Agli articoli 1 e 2, si traccia una definizione univoca di mediatore interculturale e la finalità ultima del suo ruolo, quale “operatore sociale che, in possesso di determinate competenze e attitudini, favorisce i contatti degli stranieri immigrati, extracomunitari, rom e sinti, di seguito denominati ‘stranieri’, con le istituzioni pubbliche e private, nonché interagisce come interprete delle esigenze e delle necessità degli stranieri, agevolando i rapporti interindividuali, favorendo la parità di accesso ai servizi pubblici e privati, fornendo assistenza nel collegamento con i settori dell’istruzione, della formazione culturale e professionale e con il mondo del lavoro”, svolgendo un’“attività indispensabile al processo di integrazione”. (P.d.l 2185/2009) La citata Proposta di Legge stila, inoltre, una lista completa di funzioni di competenza del mediatore culturale e l’ambito d’impiego di tali mansioni. (P.d.l 2185/2009)

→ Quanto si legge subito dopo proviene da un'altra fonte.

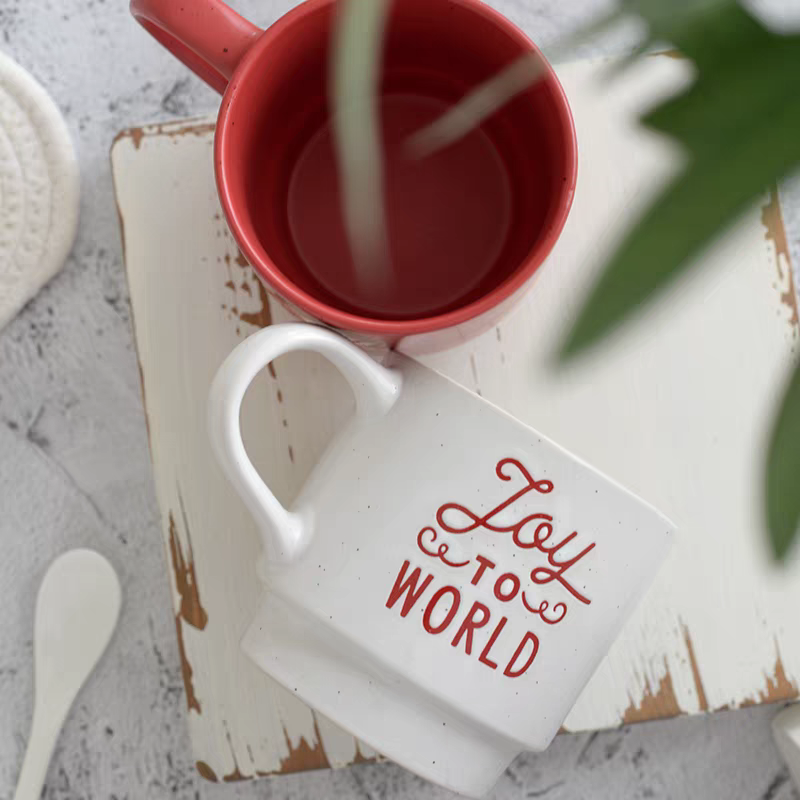 Nouveau style, prix réduit, tasses en céramique classiques rétro rouge et blanc, couleur unie, avec lettres, compatibles lave-vaisselle et micro-ondes, en grès alimentaire

Rispetto alla Proposta di legge n. 2185, la nuova Proposta di Legge n. 3525 del 3 giugno 2010, in materia di “disciplina della professione di mediatore interculturale”,

pone la figura del mediatore come colui che “più di altri si pone sul versante dell’integrazione e che in stretta collaborazione con altre figure del sociale […] può favorire processi virtuosi di coesione sociale, di integrazione e di tutela delle pari opportunità nel godimento dei diritti e nella possibilità di accesso ai servizi di cittadinanza”. (P.d.l 3525/2010, p. 2) Per la prima volta, si introduce, inoltre, il concetto di “riconoscimento della figura”, e cioè il “riconoscimento e la dignità del ruolo di mediatore in primo luogo nell’auto-percezione dei mediatori stessi, ma anche nella percezione degli operatori dei servizi e della loro stessa utenza immigrata” (P.d.l 3525/2010, p. 2) Indipendentemente dal ruolo che riveste il mediatore a seconda della natura dell’intervento e dell’ambiente in cui opera, è importante che tutta l’utenza coinvolta nel suo operato riconosca la figura, per evitare il rischio di fomentare ulteriore diffidenza verso le istituzione e smontare l’autoreferenzialità di ruolo.

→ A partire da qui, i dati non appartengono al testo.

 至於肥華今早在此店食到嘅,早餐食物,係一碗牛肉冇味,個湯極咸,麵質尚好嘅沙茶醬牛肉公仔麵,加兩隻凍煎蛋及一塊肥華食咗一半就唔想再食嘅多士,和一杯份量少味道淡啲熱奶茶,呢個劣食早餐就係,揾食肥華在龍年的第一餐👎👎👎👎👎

A distanza di tre anni, il 19 marzo 2013, i senatori Di Biagio, Dalla Zuanna e Romano hanno presentato il Disegno di Legge n. 230, recante disposizioni in materia di “Delega al Governo per l’istituzione dell’Albo dei mediatori interculturali”, in cui, senza grosse differenze rispetto all’ultima Proposta di Legge, si calca la necessità di adottare “un percorso formativo codificato e organico”. (Disegno di legge, 230/2013)

Il Disegno di legge conferisce una delega al Governo per l’istituzione dell’Albo dei mediatori linguistici-culturali, definisce i requisiti per l’esercizio della professione e traccia la copertura finanziaria per la realizzazione di quanto stabilito fino all’anno 2015. (Disegno di legge, 230/2013)

Nonostante gli sforzi delle istituzioni nell’intraprendere il percorso parlamentare, il termine ultimo per l’approvazione della legge è decorso e la figura del mediatore culturale manca, ad oggi, di una disciplina organica che ne legittimi il profilo deontologico e professionale.